In re GRAND JURY SUBPOENAS DUCES TECUM.

No. 95-4242.

United States Court of Appeals,
Eighth Circuit.

Submitted April 17, 1996.
Decided June 5, 1996.

Jack T. Lassiter, Little Rock, Arkansas (Dan C. Guthrie, Dallas, Texas and Timothy O. Dudley, Little Rock, Arkansas, on the brief), for appellants.

Kenneth W. Starr, Independent Counsel, Washington, DC (Timothy J. Mayopoulos, Associate Counsel, New York City, on the brief), for appellee.

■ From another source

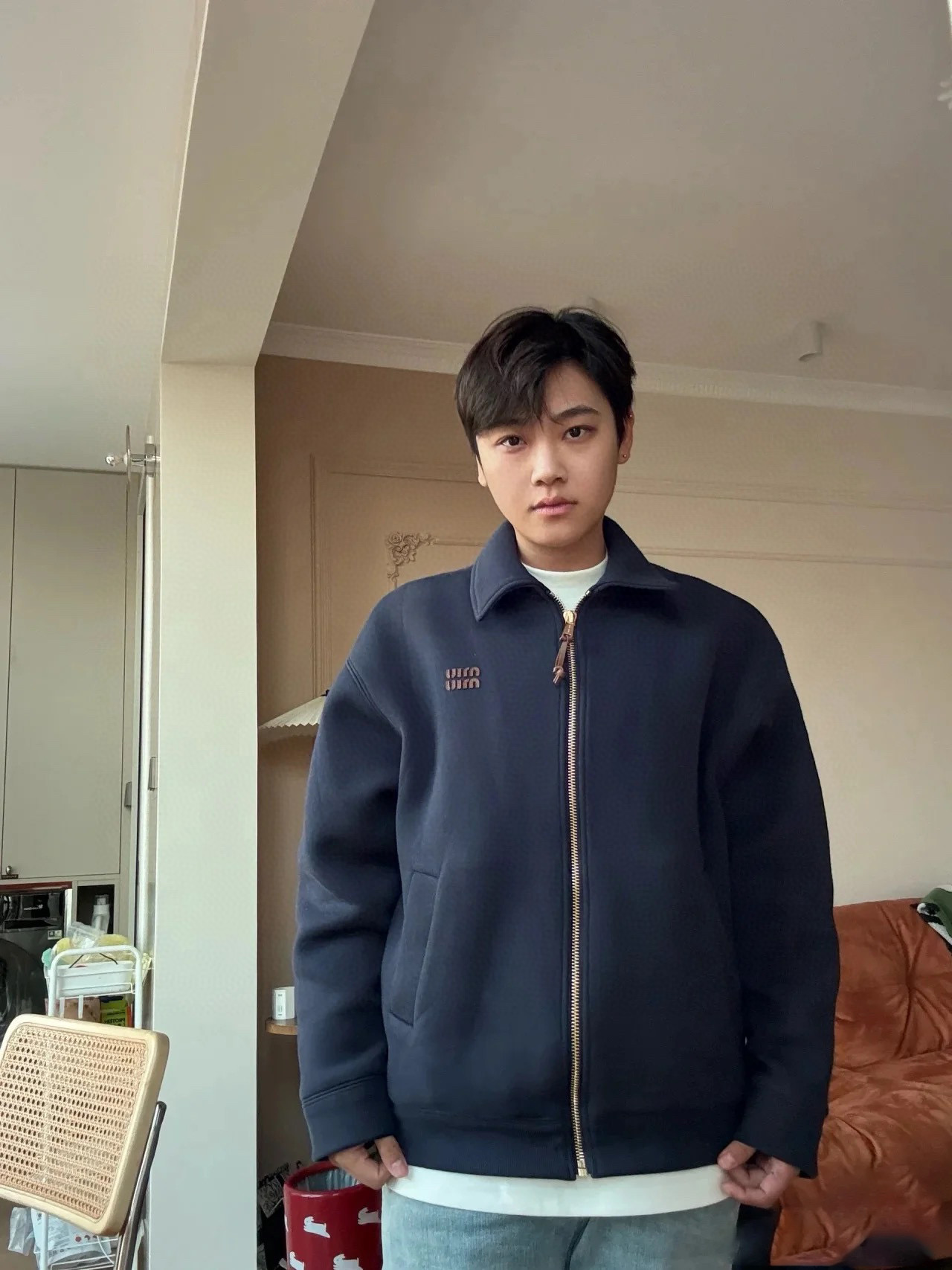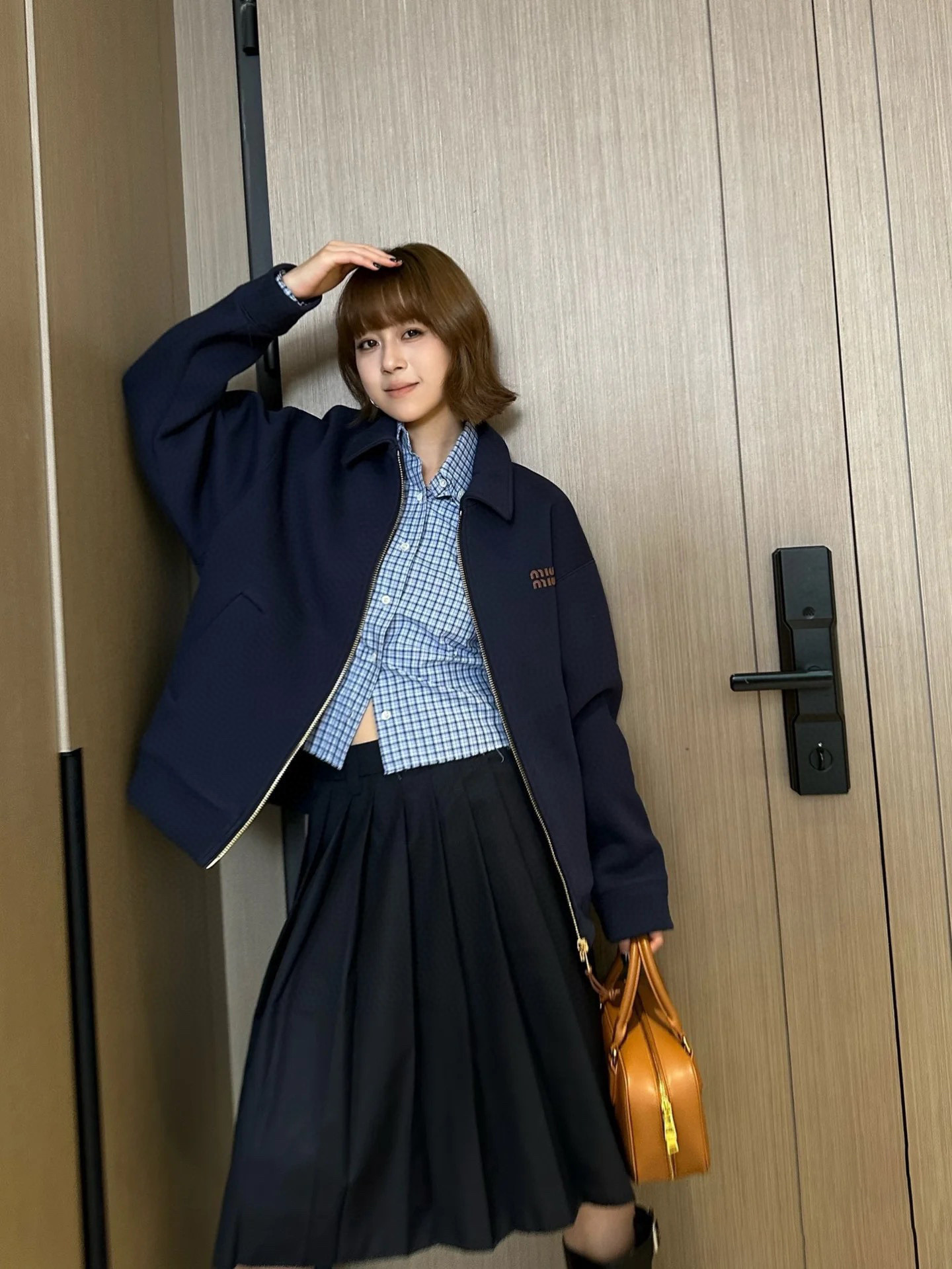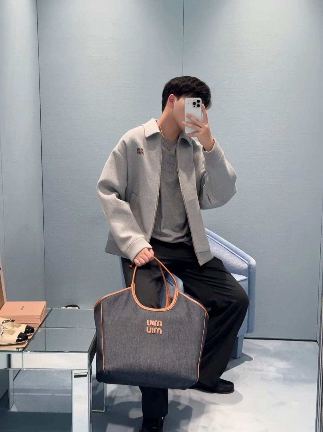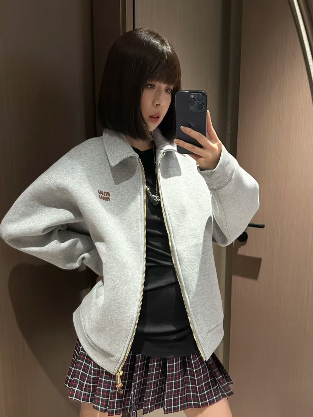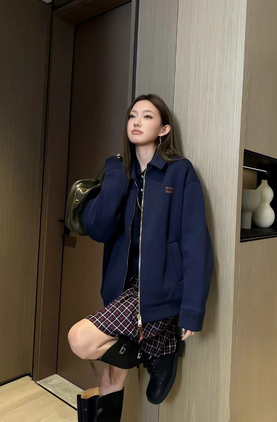这款衣服是AAAAA 1:1 质量 (非常棒). 使用了和原版一模一样的材料. 商标部分也保持了和缪缪/Miu Miu一样. 图片拍摄是实物衣服拍摄, 您所收到的实物保证和我们图片一模一样.

Before BOWMAN, BEAM, and LOKEN, Circuit Judges.

BEAM, Circuit Judge.

1

Appellants Herby Branscum, Jr., P.A.1 and Robert M. Hill appeal the district court's2 order requiring them to pay contempt fines for failing to comply with subpoenas duces tecum. Appellants argue that the district court lacked jurisdiction to order the payment of fines because the contempt order on which the fines were based was then the subject of an appeal to this court. Because the order appealed from is not an appealable order, we dismiss this appeal for want of jurisdiction.

I. BACKGROUND

2

This is a continuation of an appeal previously decided by this court. See In re Grand Jury Subpoenas Duces Tecum, 78 F.3d 1307 (8th Cir.1996). The relevant facts are largely set out in our prior opinion and will be repeated here only to the extent necessary. On September 8, 1995, the district court held appellants in contempt for failing to comply with subpoenas duces tecum served upon them by the Office of Independent Counsel (OIC). Appellants were given until September 15, 1995, to comply with the subpoenas and to purge themselves of their contempt. As of that date, fines of $1,000 per day against each individual were to accrue. The district court expressly reserved the right to forgive those fines upon full compliance. Appellants immediately appealed the September 8 order to this court arguing that the district court erred in refusing to quash the subpoenas. Appellants' motions for a stay of the imposition of contempt sanctions pending appeal were denied by both the district court and this court. We have since issued an opinion upholding the validity of the subpoenas and the finding of contempt. Id.

3

On December 5, 1995, while the appeal from the contempt order was pending, the district court entered the order at issue here. The order required each appellant to pay $77,000 into the court registry. That amount represented the contempt fines which had accrued between September 15, 1995, and December 1, 1995. Following the December 5 order, appellants complied with the subpoenas and paid the fines. Appellants then filed this appeal. They argue that their appeal of the contempt order divested the district court of jurisdiction to require the payment of fines while the order of contempt was on appeal to this court.

II. DISCUSSION

A. Jurisdiction

4

The merits of this appeal concern whether the district court could enforce its contempt order by requiring appellants to pay their contempt fines. Before addressing that issue, however, we must first consider whether we have jurisdiction, that is, whether the order appealed from was a final order or was otherwise appealable. "It is the duty of the Court of Appeals to satisfy itself as to its jurisdiction to consider an appeal, whether or not the jurisdictional issue is raised by the parties." Stewart v. Bishop, 403 F.2d 674, 677 (8th Cir.1968).

5

In their jurisdictional statement, appellants cite 28 U.S.C. § 1291. That section provides for Court of Appeals jurisdiction over "all final decisions" of United States District Courts. A final order is generally one which effectively resolves the merits of the controversy and ends the litigation. Iowa Beef Processors, Inc. v. Bagley, 601 F.2d 949, 952 (8th Cir.), cert. denied, 441 U.S. 907, 99 S. Ct. 1997, 60 L. Ed. 2d 376 (1979). The order at issue here is not a final order in that sense. It is merely an interlocutory order enforcing an earlier contempt sanction. Consequently, we find that section 1291 does not confer jurisdiction.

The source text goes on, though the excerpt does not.